Aim of the exercise =>
Below is a listing. Return the lines from the one that contains "Looking over city" to the one that contains "Elegant Lila Blå", both ends included, verbatim and with no pictures.

Recorded information =>
Start of Block
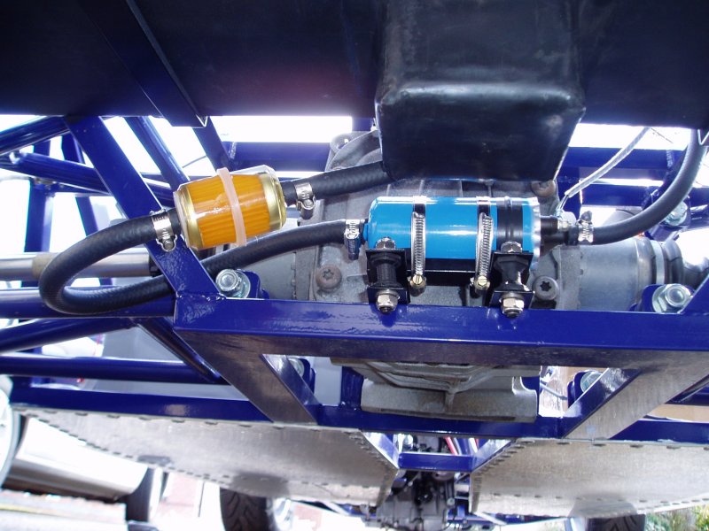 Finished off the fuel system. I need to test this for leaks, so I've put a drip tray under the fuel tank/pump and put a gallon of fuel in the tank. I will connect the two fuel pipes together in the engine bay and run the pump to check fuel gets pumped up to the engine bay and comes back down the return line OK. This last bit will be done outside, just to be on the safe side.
End of Block
Start of Block
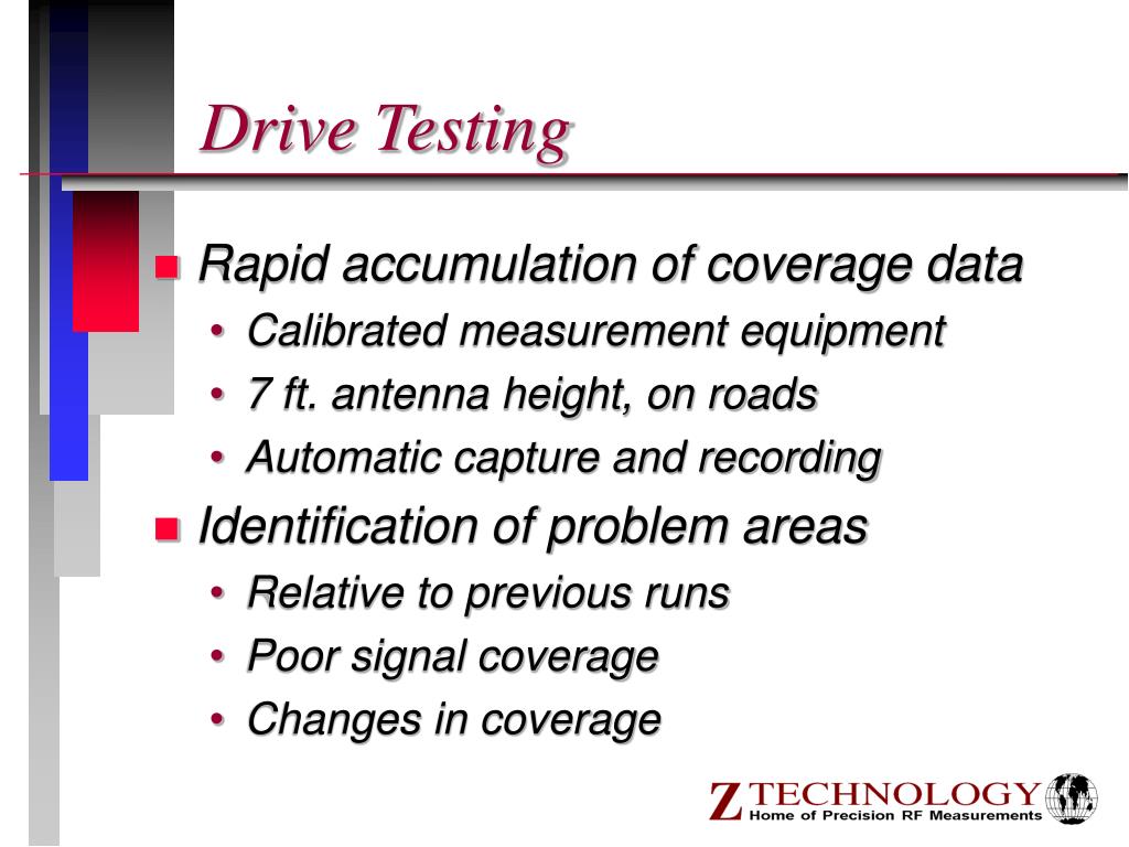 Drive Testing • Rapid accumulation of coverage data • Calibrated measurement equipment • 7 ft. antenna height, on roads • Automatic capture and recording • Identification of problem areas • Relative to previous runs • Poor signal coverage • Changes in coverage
End of Block
Start of Block
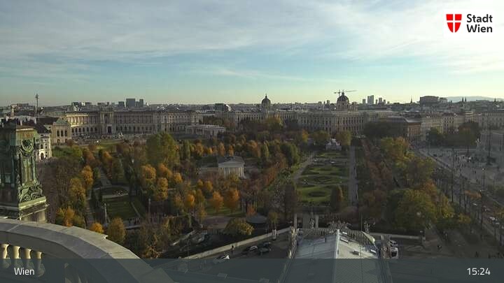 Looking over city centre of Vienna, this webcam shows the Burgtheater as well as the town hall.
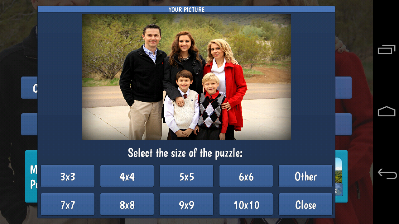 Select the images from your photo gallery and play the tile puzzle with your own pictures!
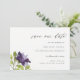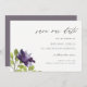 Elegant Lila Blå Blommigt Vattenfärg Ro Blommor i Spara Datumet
End of Block
Answer space =>
 Looking over city centre of Vienna, this webcam shows the Burgtheater as well as the town hall.
 Select the images from your photo gallery and play the tile puzzle with your own pictures!
 Elegant Lila Blå Blommigt Vattenfärg Ro Blommor i Spara Datumet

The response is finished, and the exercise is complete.